I've got a *lot* of time, but this is one of the most crucial things to get right, right?
So I've just jotted off a couple of paragraphs to prospective emoms. I haven't even read it over.
Our agency will have us make a web page, so I'm building it now - early, I know - so that I can fine tune it and when the time comes to upload it and make it active it will be perfect. But where it says "clicking on us" - that's because the expectant moms literally click the link that leads to our website...like shopping for shoes. But more stressful.
Feel free to critique honestly. I can take it.
TIA!
"Thank you for clicking on us. We know that this is one of the most important decisions you'll ever have to make, and we want you to know that it was for us, as well. We're on different sides of the fence, and we may never be able to understand the paths that brought us here, but one thing is true: we both want to make sure that your baby has the best life possible.
Please
know that adoption is not a decision we came to lightly. It is the
right path for us, and we plan on cherishing every moment of our
journey. If you decide to join us, you will be equally cherished. As
the Birth Mother you will always have our love, respect, and gratitude.
Our adoption can be as open or closed as your comfort levels allow.
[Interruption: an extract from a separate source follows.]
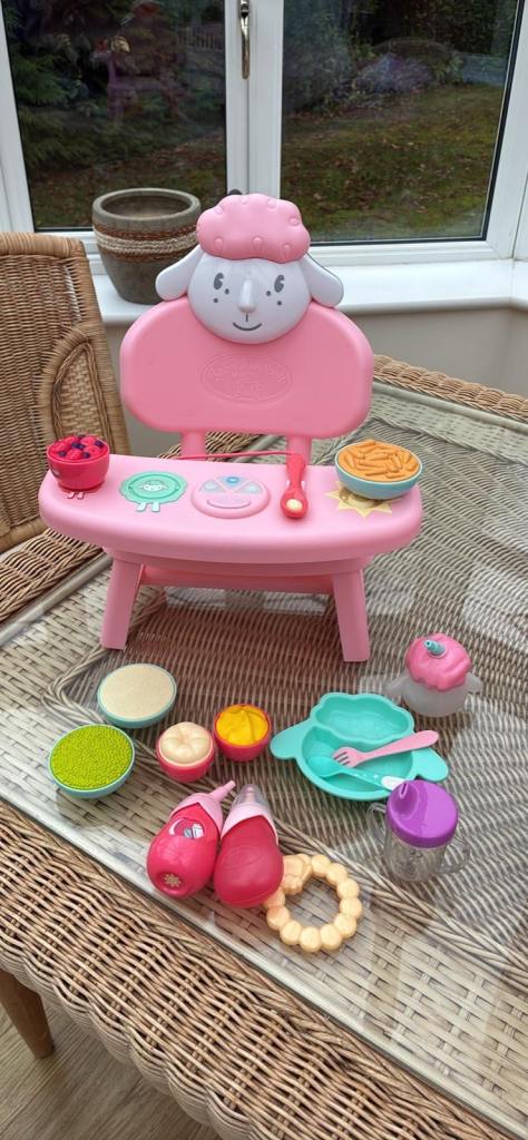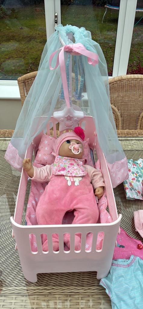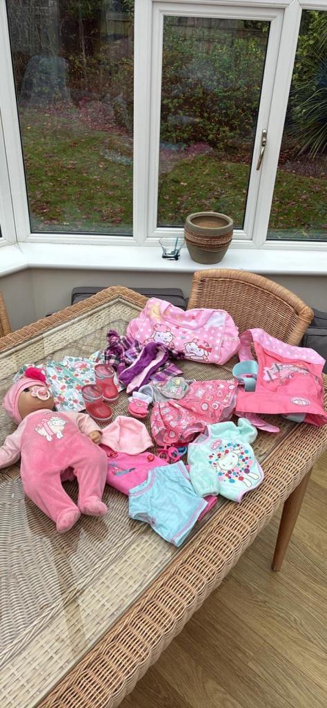 Baby Annabell complete with miscellaneous outfits, cot and high chair together with various accessories. Hardly used and in excellent condition as indicated by photographs. Ideal Christmas present.

We
will raise your baby as our child, but we will never forget that you
are also family.
Follow the links to learn more:"
Re: Draft One
This is probably just some semantics but you asked for help! Sounds good. Here are a few things I would alter:
If you decide to join us....
I would probably say choose because even if they don't select you, they will probably be joining you in the adoption process, just with someone else. Also, I would make it clear that you have love, respect and gratitude now, regardless of the decision.
The best feedback I got was from our BF. He said that what set us apart from the other couples was our discussion about being parents and how we wanted to raise a child, rather than making a bunch of promises and explaining what we would be doing for the birthparents. I didn't totally follow him on what in the world the other couples were promising but we did put a lot of emphasis on just our lifestyle. I know you concerned about the alternative raising stuff, but actually didn't talk much about that.
In my section we mentioned that I am very eco-concscious both at work and home, but that was as far as we went with details. The rest came out when we talked in person. For the most part we talked about our hobbies, how we love to travel and why and we talked a lot about our views on the arts, education, etc. I know that's past the first paragraphs you had but thought it might be helpful. ?
That's a really good point. I'll make sure to edit that so it's clear.
I'm actually going to have a page on the site that's labeled "Our Parenting Philosophy" and address early childhood/schooling/etc there.
Good points about focusing on the child. That is what this is all about, after all.
Thank you! That made me smile and if we were in the same place I would hug you.